Rawat, PW3 Raju Kushwah and PW4 Banti Kushwah contain special impacts when they admitted that at the time of abduction, they had not

identified anybody inasmuch as it was dark. PW2 Papendra Rawat and PW3 Raju Kushwah submit that they had identified the accused in the Court

as they had stayed with them for 12-13 days. However, there is contradiction in the statement given by PW2 Papendra Rawat, who says that except

for one accused Pratap, none of them was having beard and mustaches, whereas PW3 Raju Kushwah admitted that all the accused persons were

having beard and mustaches coupled with the fact that PW4 Banti Kushwah has admitted of Police giving the names of the accused and their

statements were recorded in the Court after a lapse of more than four years of the incident of their release. Sufficient doubt is created as to the

authenticity of the identification in the Court. It is also important to point out that in TIP, persons of similar age and physical description are mixed-up

to understand the capability of a witness to identify from amongst several persons made to stand in a queue; whereas, in the present case, the trial

was conducted against an isolated person as other accused persons were absconding. It has also come on record that he was arrested in another case

and with the permission of the Court arrested in the present case, therefore, the Police had sufficient opportunity to introduce the accused. No reason

has been assigned to not to conduct TIP specially when the prosecution witnesses have admitted that they were not knowing the accused before

hand.

22. In the case of Suresh Chandra Bahri v. State of Bihar as reported in AIR 1994 SC 2420, it has been held that it is well settled law that the

statements of the witness in the Court is his evidence, but when the accused person is not known to the witness concerned, then identification of the

accused by the witness soon after his arrest is of great importance because it furnishes assurance that the investigation is proceeding on right lines in

addition to furnish corroboration of the evidence to be given by the witness later in the Court at the trial.

23. Learned Special Judge in the case of Ravi alias Ravichandran v. State Rep. by Inspector of Police as reported in AIR 2007 SC 1729 has held that

TIP is not a substantive piece of evidence. It has been held that when the FIR is lodged against unknown person, TIP should be held as early as

possible. The fact of the matter is that the names of the accused were given on the basis of their calling such names without there being any such

identification as has been admitted by PW6 S.S.Chauhan. However, the decision of the Hon'ble Supreme Court is also to the effect that though TIP is

not substantive piece of evidence, yet the Court conducting trial is required to look into the circumstances before taking any decision on to the aspect

of corroboration. In the present case, this judgment has been applied in isolation without referring to the fact that identification of the accused in the

Court was after more than four years of the incident.

24. The prosecution has failed to prove the case beyond reasonable doubt and, therefore, the conviction of the appellant merely on the basis of the

Court identification that too after more than four years of the incident gives rise to suspicion and the benefit of doubt may be extended to the appellant.

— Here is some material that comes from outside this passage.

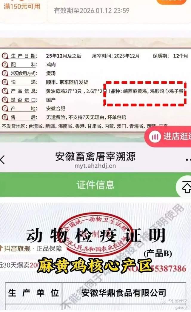 第一,暂未发现麻黄鸡养殖供应主体向该款大别山黄油母鸡的相关经营方供应过货源,双方无采购往来记录。该协会会长展示的与辉同行橱窗电商详情页上,该商品标注品种为“皖西麻黄鸡”。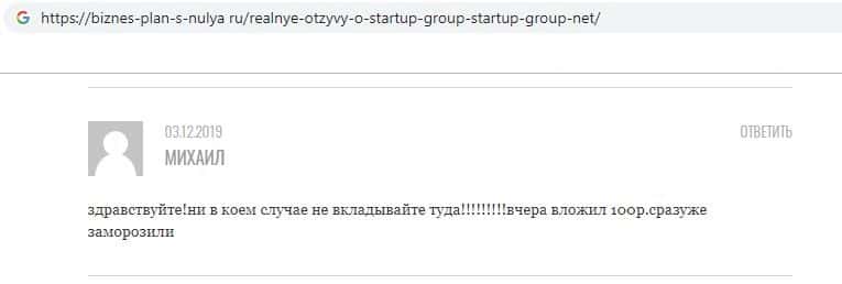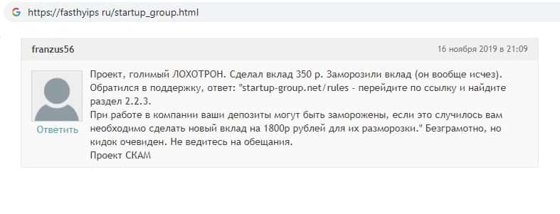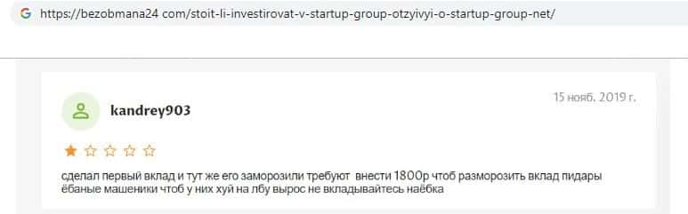 - Проект Startup-Group является откровенным лохотроном - не видитесь!

Therefore, this Court is of the opinion that the Special Judge has erred in not appreciating the fact that there was no proper identification of the

accused in view of the contradictions of the statements given by PW2 Papendra Rawat, PW3 Raju Kushwah and PW4 Banti Kushwah about their

specific features. There is no statement under Section 161, Cr.P.C. recorded by the Police after release of the abductees PW2 Papendra Rawat,

PW3 Raju Kushwah and PW4 Banti Kushwah giving details of the abductors and, therefore, the circumstances, under which test identification in the

Court has been carried out, are against the principle of law laid down in the case of Dana Yadav (supra).

25. Thus, the conviction solely on the basis of dock identification that too after such a long period is not sustainable and, therefore, the impugned

judgment is set aside. The appeal is allowed. Accordingly, the appellant, who is in jail, be released forthwith.